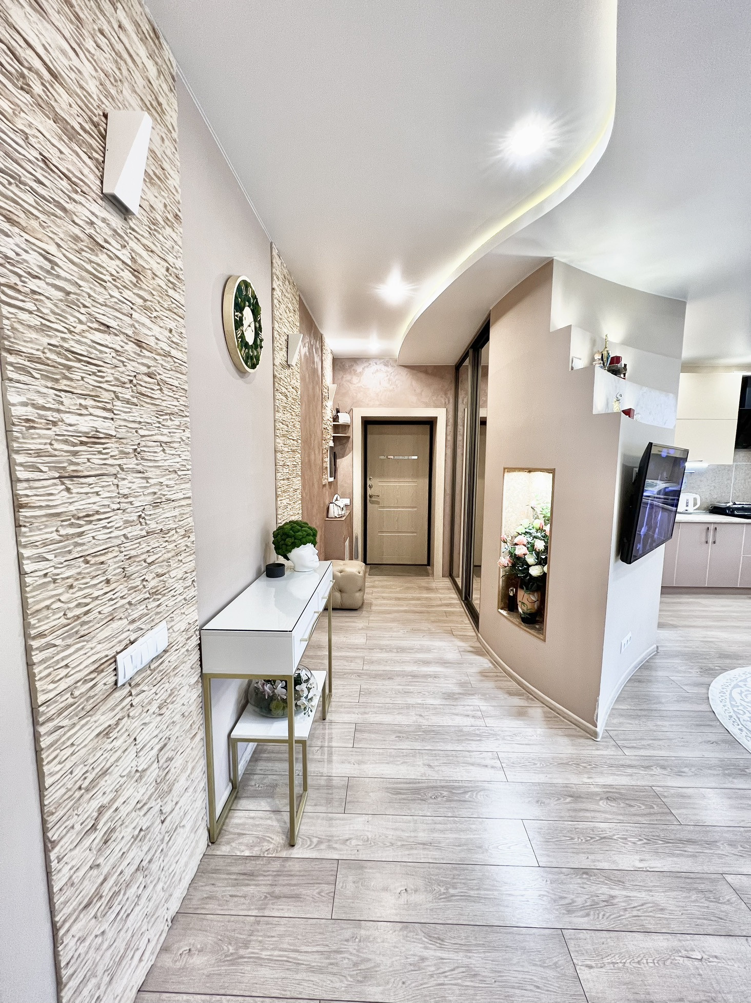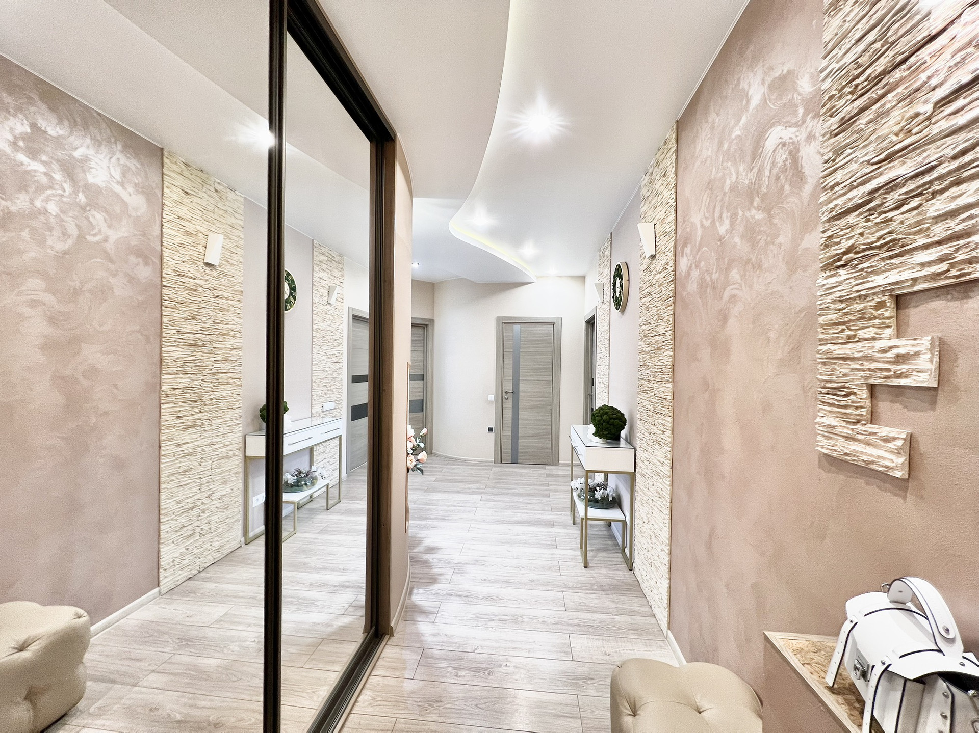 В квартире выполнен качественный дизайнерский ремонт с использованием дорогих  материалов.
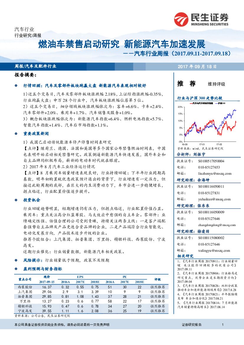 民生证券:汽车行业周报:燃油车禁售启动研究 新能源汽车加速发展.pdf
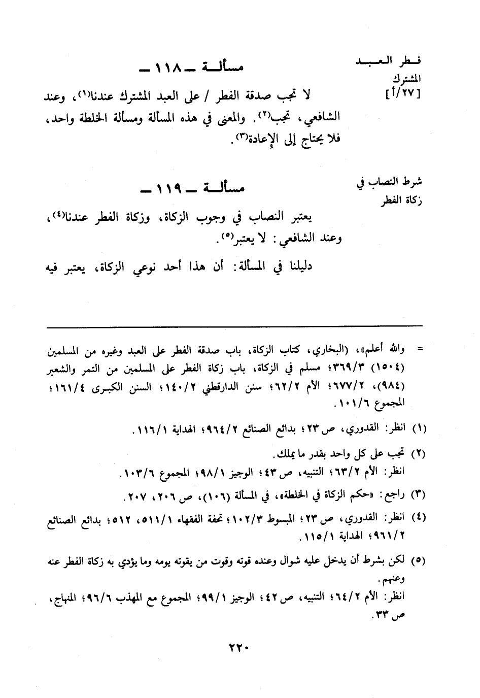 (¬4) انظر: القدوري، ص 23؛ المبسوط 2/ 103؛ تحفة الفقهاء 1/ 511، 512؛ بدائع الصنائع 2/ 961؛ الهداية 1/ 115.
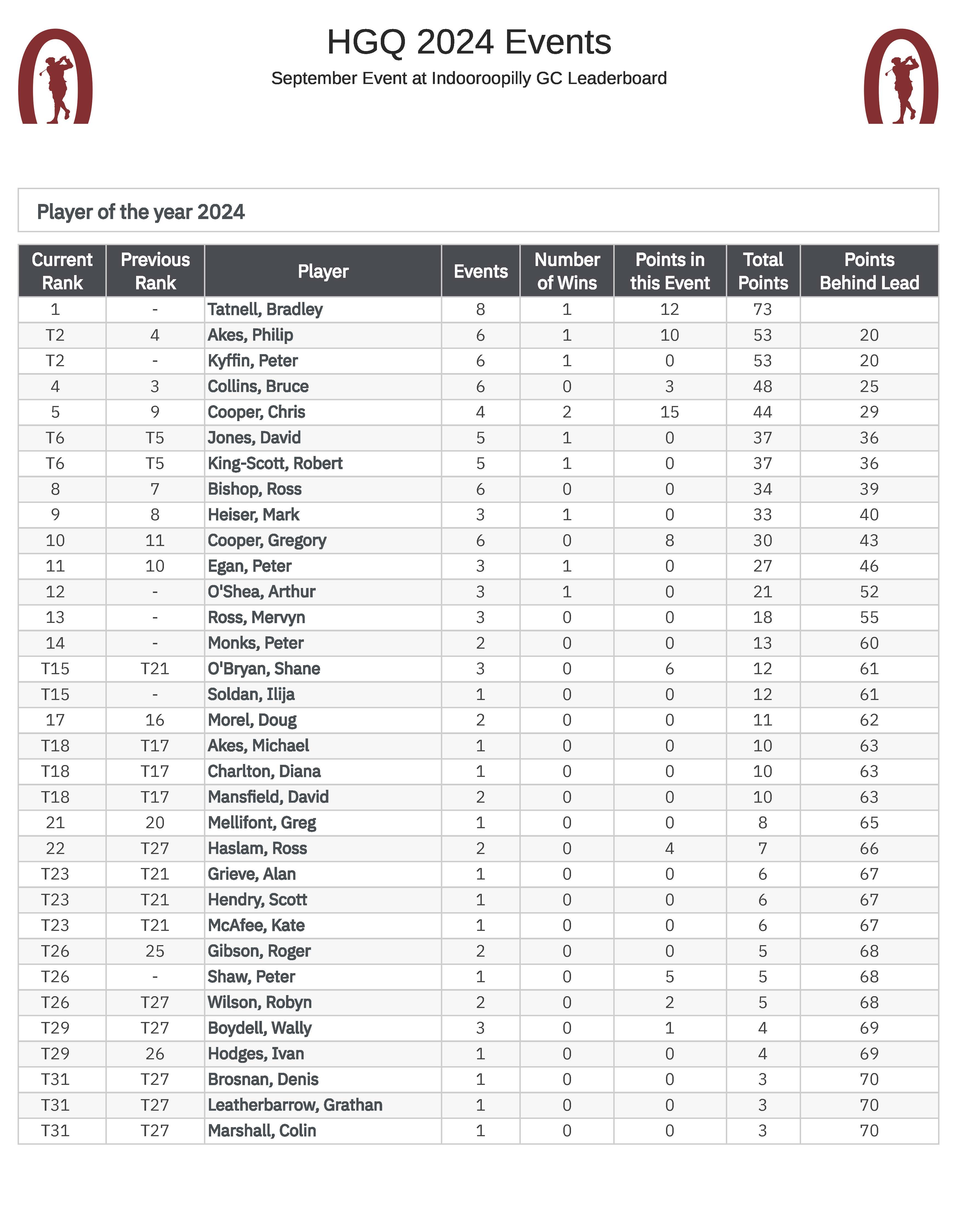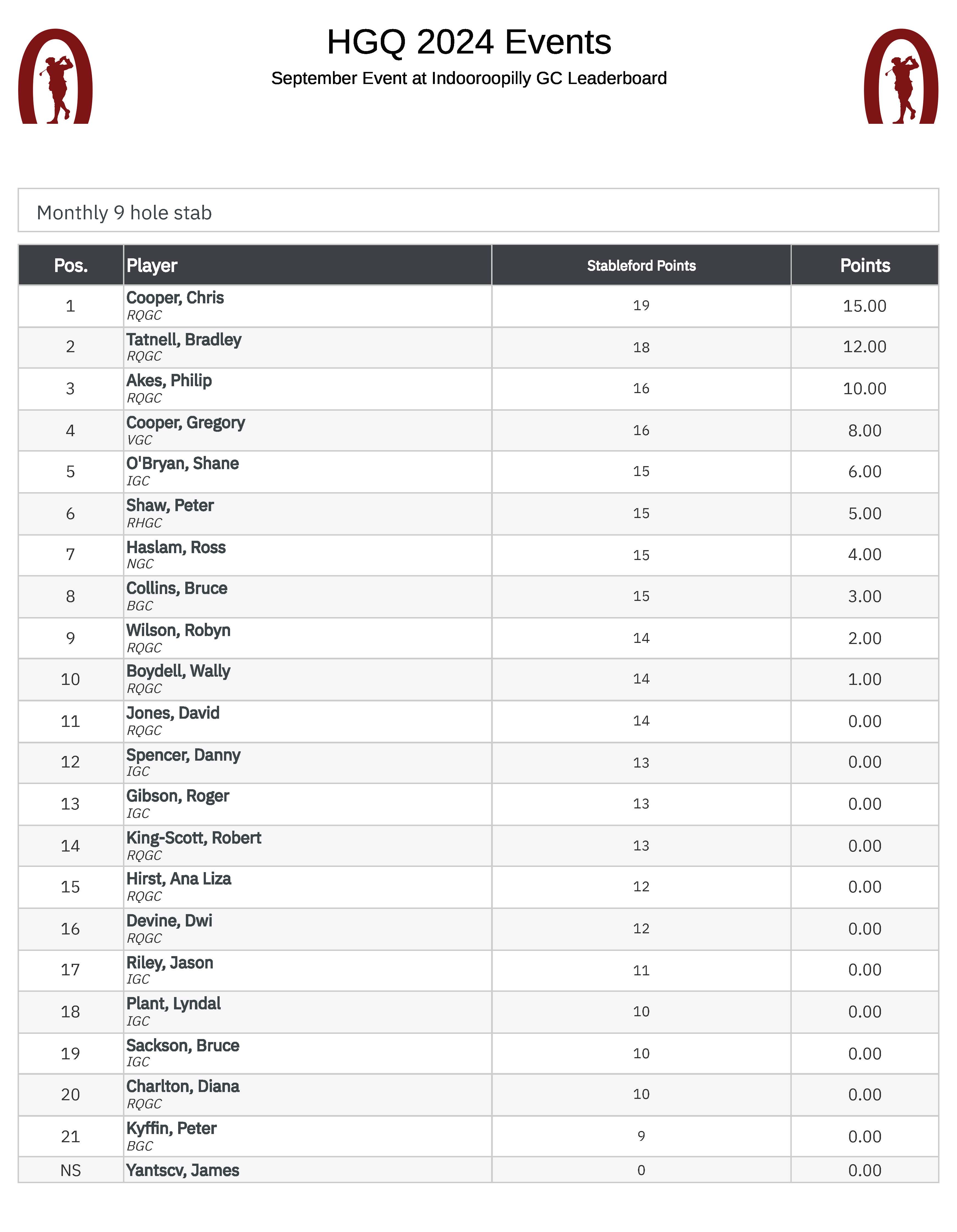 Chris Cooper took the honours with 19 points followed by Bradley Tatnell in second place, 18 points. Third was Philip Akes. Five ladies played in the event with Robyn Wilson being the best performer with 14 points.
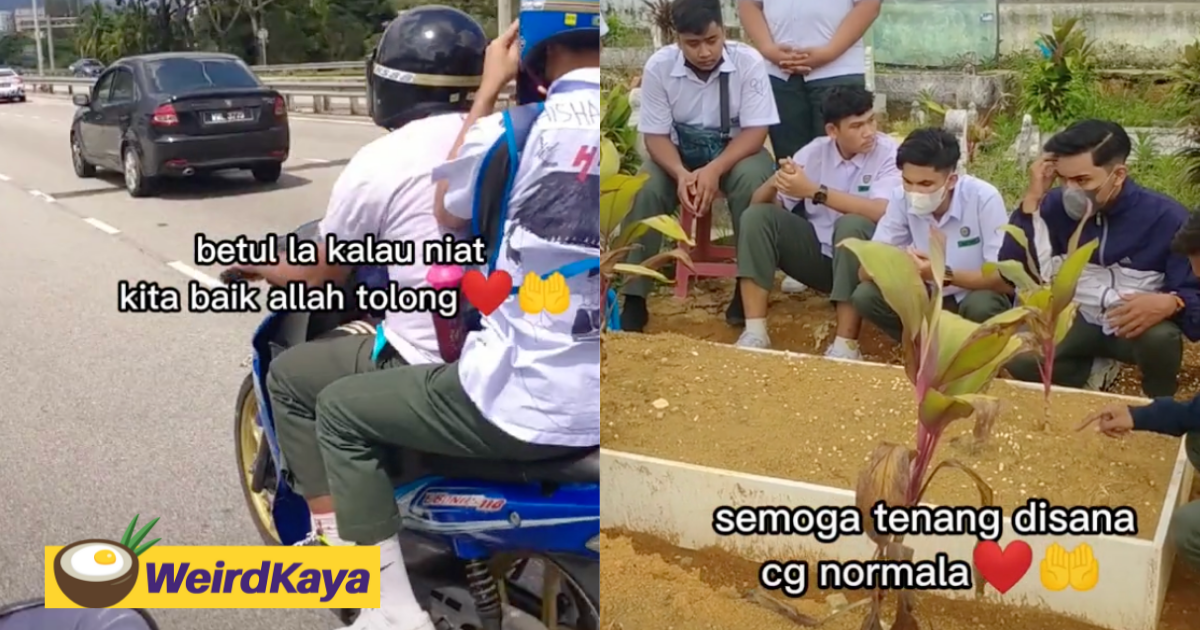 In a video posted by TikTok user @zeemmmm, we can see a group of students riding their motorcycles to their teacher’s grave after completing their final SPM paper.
################
Requirement: Please transcribe all of the entries word for word, with the pictures left out.

Answer for the task:
 В квартире выполнен качественный дизайнерский ремонт с использованием дорогих  материалов.
 民生证券:汽车行业周报:燃油车禁售启动研究 新能源汽车加速发展.pdf
 (¬4) انظر: القدوري، ص 23؛ المبسوط 2/ 103؛ تحفة الفقهاء 1/ 511، 512؛ بدائع الصنائع 2/ 961؛ الهداية 1/ 115.
 Chris Cooper took the honours with 19 points followed by Bradley Tatnell in second place, 18 points. Third was Philip Akes. Five ladies played in the event with Robyn Wilson being the best performer with 14 points.
 In a video posted by TikTok user @zeemmmm, we can see a group of students riding their motorcycles to their teacher’s grave after completing their final SPM paper.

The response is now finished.